Сход не продолжался долго, но он повернул в другую сторону. Несколько человек покаялись в своих разговорах с младшим Винцентовым сыном: каждому колхознику построить отдельную хату и довести дело до разбивки земли на делянки.
Солнечный день. Леса в зеленом уборе молчат в летней полевой шири. Поле — как ржаное море, аж до самого дальнего леса, далеко за пригорок — бескрайний его простор. Люди ждут хорошего урожая.
Уже совсем, можно сказать, застроился колхоз. Все уже за этот год повыбирались понемногу из своих прежних хат.
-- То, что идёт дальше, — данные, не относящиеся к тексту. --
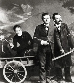 채찍을 든 사람이 루임. 니체와 레에는 계속해서 루에게 청혼했고, 루는 결국 동거하던 집을 떠남. 당시 안드레아스라는 동양언어학자가 루에게 너랑 결혼 못할 바엔 죽는 게 낫다고 열렬히 청혼했었는데, 루는 섹스 없는 결혼생활을 유지하며 다른 남자를 자유롭게 만나는 걸 조건으로 안드레아스와 결혼함. 이후 니체는 우울증에 빠지고, 레에는 한때 루와 철학을 토론했던 절벽에서 투신자살함.

Но некоторые хаты стоят еще — помаленьку их разбирают. Еще возвышаются в жите печища, позарастали они крапивой и лопухом. Кое-где порасцветал колючий чертополох. Сорняки и трава буйно проросли из-под разбросанного всюду битого кирпича и глины. Оттуда, из-под леса, где уцелели несколько хуторских хат, приходят иногда женщины рвать эти сорняки и траву для своих коров и свиней; колхозникам жаль тратить время на такую возню среди кирпичной крошки. У них специально для летней надобности зеленеет кормовой клин, здесь же, рядом. Хуторские женщины, те самые прежние сельчанки, возятся на печищах неторопливо, молчат, а порой беседуют. Они говорят о давнем, о нынешнем, о том, кто как живет, как раньше жил. Вспоминают дедов, родителей… Каждое печище хранит богатую историю — там испокон века жили, рождались и умирали, кое-как скоротав свой срок, люди. Некоторые печища еще знали времена войтов[9], крепостного права и невольничьих слез. Женщины, разговорившись, разгибают спины, стоят, вспоминают.
А день сияет солнцем. Поле — жито и яровые — звенит знойною тишиною. Слышно, как в ней подает голос многообразная, но первобытная жизнь: бесчисленные существа наливаются соком, копится сила в стеблях и колосьях, набирают силу зерна.
Тишина звучит.
Где-то песня слышна, у леса, за колхозными строениями. Там стучит ворот цементного колодца, что-то еще то ли стучит, то ли звенит.
Голоса уже ближе.
— Девчата поют, — говорит женщина.
Она опускает на землю свой кош с травою и выпрямляется. Лицо у этой женщины не совсем утратило еще свою прежнюю девичью красу, но глаза полны усталости, на лице неизбывная забота. Долго стоят так женщины. Песня стихла, а они все еще молчат и стоят.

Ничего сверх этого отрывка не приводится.